June continues to explore new sonic ground with her latest release, The Moon and the Stars: Prescriptions for Dreamers. Enlisting the help of Jack Splash, who’s produced for the likes of Kendrick Lamar and Alicia Keys, June merges her dedication to Americana with pop ambition in her most eclectic album to date. Counter-intuitively, this album feels more personal than her more stripped-back previous efforts. June’s song writing is in peak form as she deals with heartache and loss, accepting pleasure and pain as one character-building whole. It is at once heavy-hearted and positively hopeful.
June’s voice is an exceptional instrument. Her tone and Tennessee accent are similar to Dolly Parton, but her phrasing and exploration of the mystical resembles early Van Morrison. She shows remarkable versatility in her singing, managing to sound fragile on “Fallin’”, reflective on “Home Inside”, and impressively powerful on “Call Me a Fool”. Her delivery is expressive, and with subtle intonations, she’s capable of purveying heart-ache one moment and elation the next.
The most successful tracks on the new LP are the simplest. “Fallin’” is a lo-fi acoustic folk ballad about the impermanence of happy love with some lovely turns of phrase:
‘Dancing on the devil’s door
Back again and wanting more
Keeps me hanging on what’s in our minds
Looking through the broken glass
Something that we hoped would last
Seeking, searching for what you cannot findFalling out of love with love
All the things you’re dreaming of
Time was just a dusty ground
Bear without the slightest sound
And I’m willing to let go what was never mine‘
“Stardust Scattering” is a gentle, psychedelic ballad with minimal percussion, acoustic guitar, and slightly washed-out reverb on the vocals. The lyrics exemplify June’s mysticism:
‘Merrily life is but a dream
Consciousness directs the stream
There’s a flow to everything
Watch the stardust scattering
Watch the stardust scattering
All we are has always been
Endless possibilities
Still waters run so deep
Awaken from the dormant seas
Watch the stardust scattering
Watch the stardust scattering’
The album’s centrepiece is “Call Me a Fool”, a gorgeous piece of vintage soul complete with backing vocals by the Queen of Memphis Soul herself, Carla Thomas. The track sounds like it could have been recorded at Stax in the mid-60s and is one of several on the album featuring strings arranged by renowned Stax instrumentalist Lester Snell. The song bears a resemblance to Etta James’ classic “I’d Rather Go Blind” in both style and substance. Declaring that true love is worth any consequential pain, a bluesy vocal builds to a climax where June’s voice rises to a growling scream that’s to die for. It may be the most derivative song on the album, but it’s sublime.
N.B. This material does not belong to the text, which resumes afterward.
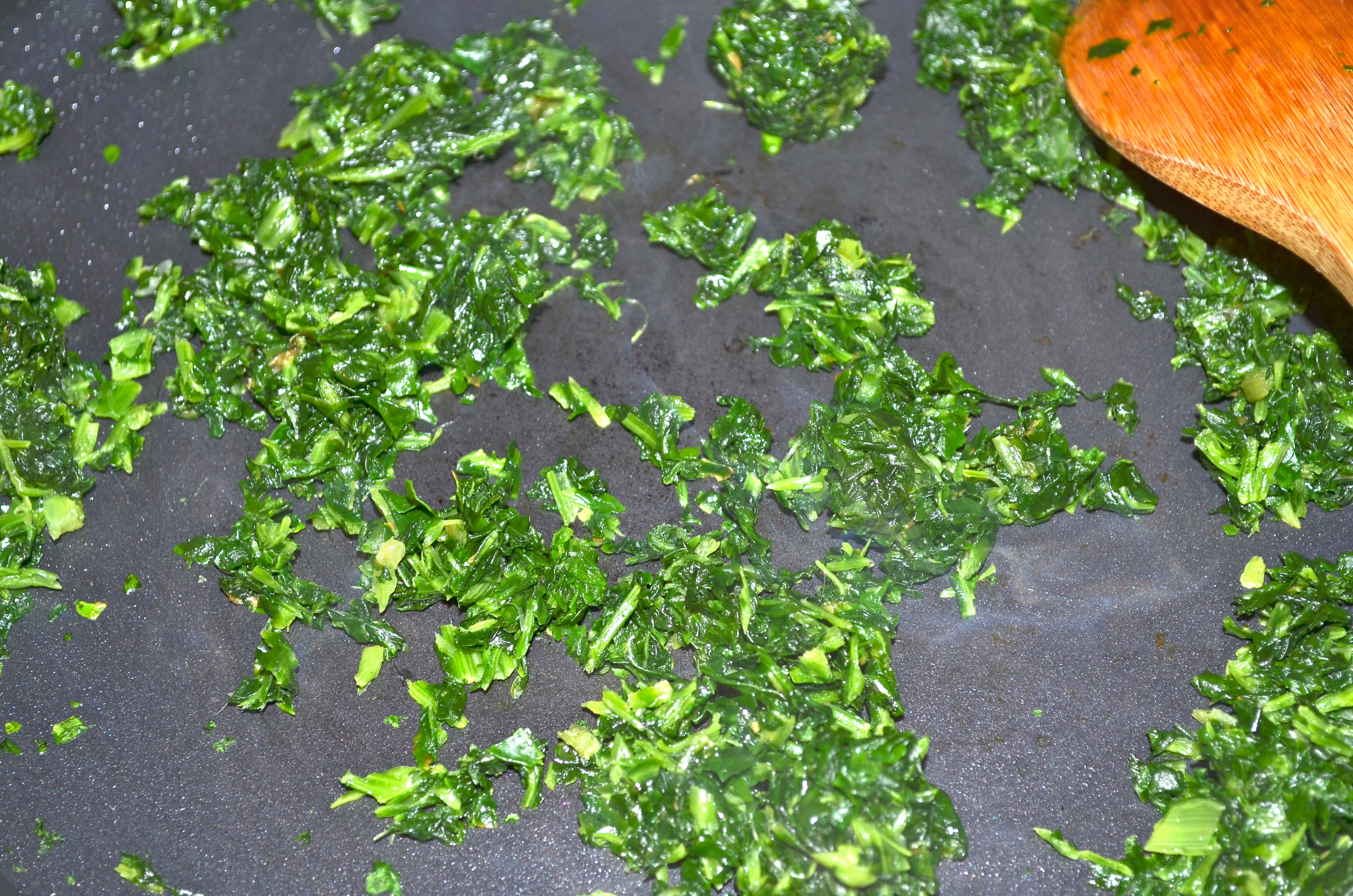 Next the extra virgin olive oil goes in the pan along with the spinach to get some more of that water out, cook on medium heat
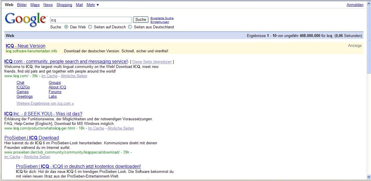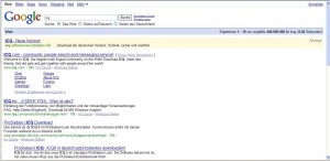 Das erste Suchergebnis ist die Seite von ICQ.com. Noch vor diesem ersten Suchergebnis, erscheint allerdings eine Werbeanzeige von icq.software-herunterladen.info, die einem ebenfalls die neuste Version des Messengers offeriert.

Other standouts include “Two Roads”, another strong soul record; “Home Inside”, a lovely Appalachian folk lullaby; and “Colors”, an old-school soft rock ballad about appreciating all of life’s ‘colors’, both bright and dull with a lovely melody that’s wrapped in swelling strings.
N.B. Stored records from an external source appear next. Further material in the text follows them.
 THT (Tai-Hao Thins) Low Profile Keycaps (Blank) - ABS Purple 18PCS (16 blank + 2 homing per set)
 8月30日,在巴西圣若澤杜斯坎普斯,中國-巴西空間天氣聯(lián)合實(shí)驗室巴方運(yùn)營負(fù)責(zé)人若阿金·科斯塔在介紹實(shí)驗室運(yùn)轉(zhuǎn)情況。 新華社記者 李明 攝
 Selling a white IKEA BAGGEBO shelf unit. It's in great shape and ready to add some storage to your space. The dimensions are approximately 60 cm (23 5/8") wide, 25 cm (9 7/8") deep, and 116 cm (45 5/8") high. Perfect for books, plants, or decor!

The album’s highlights also reveal its primary shortcoming. June is at her best when the production is kept simple. Opener “Stay” starts as an Appalachian r’n’b ballad but soon gets drowned in a swamp of marching-band drums, strings, brass, and backing singers. The lyrics are about being happy in a relationship despite any hardships, and never holding on to regrets. June performed the song solo with acoustic guitar on KEXP, and it was lovely. The dramatic musical canvas here seems unnecessary.
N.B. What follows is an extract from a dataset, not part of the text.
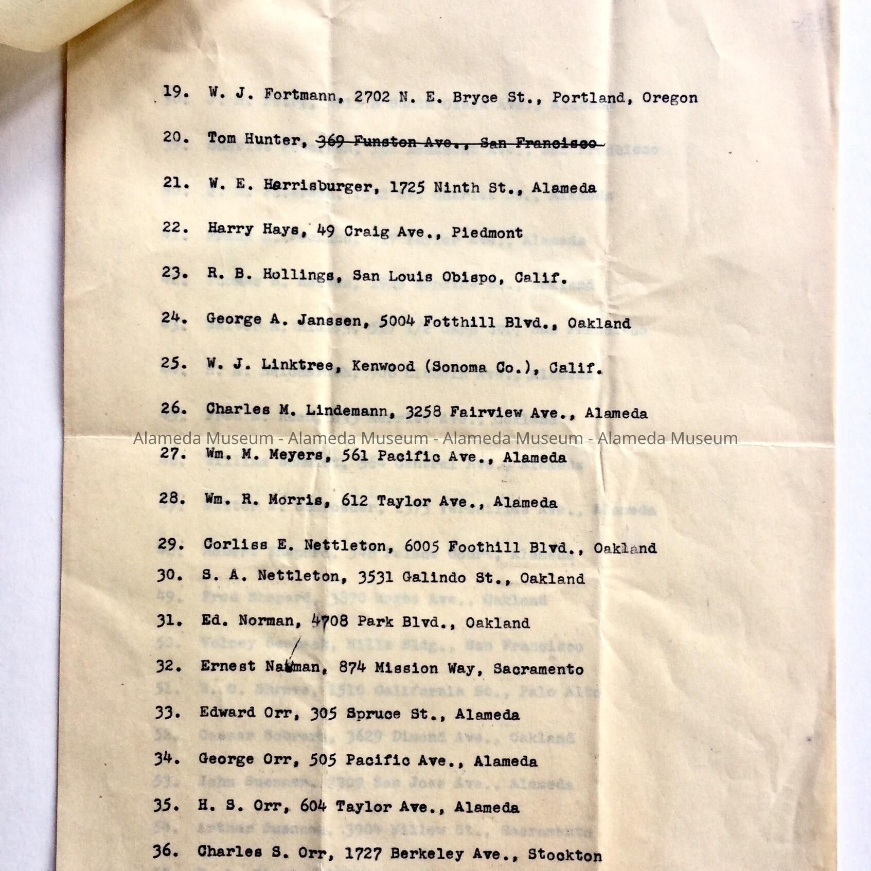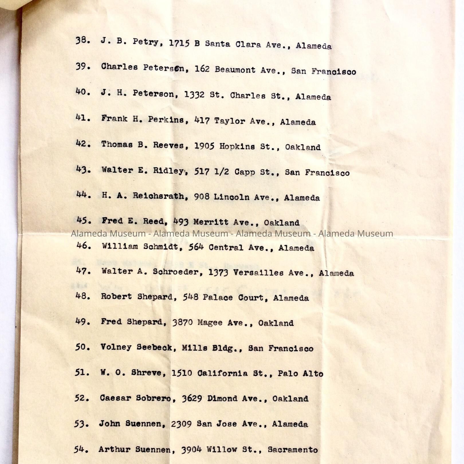 ROSTER OF THE WEST END SCHOOL BOYS ASSOCIATION. ALAMEDA. LISTING NAMES AND ADDRESSES OF MEN WHO ATTENDED THE WEST END SCHOOL PRIOR TO 1895, AFTER WHICH TIME THE SCHOOL WAS NAMED "LONGFELLOW."

Several other songs share a similar fate. “Smile” is an attempt at joy as a means of protest in the vein of Nina Simone’s “Yong, Gifted, and Black”, but the drum programming and studio echo on the vocals gives it an 80s pop vibe; the very next track, “Within You”, combines an angelic vocal delivery with a slowed-down trap drum loop.
The Moon and the Stars: Prescriptions for Dreamers is a collection of heavy-hearted songs that reflect on love’s triumphs and disasters, and remembers them both fondly. Valerie June‘s partnership with Jack Splash allows for a broadening of her artistic canvas, but the results can be overdone at times. When the production allows Valerie June‘s voice to take centre stage, the results are stunning.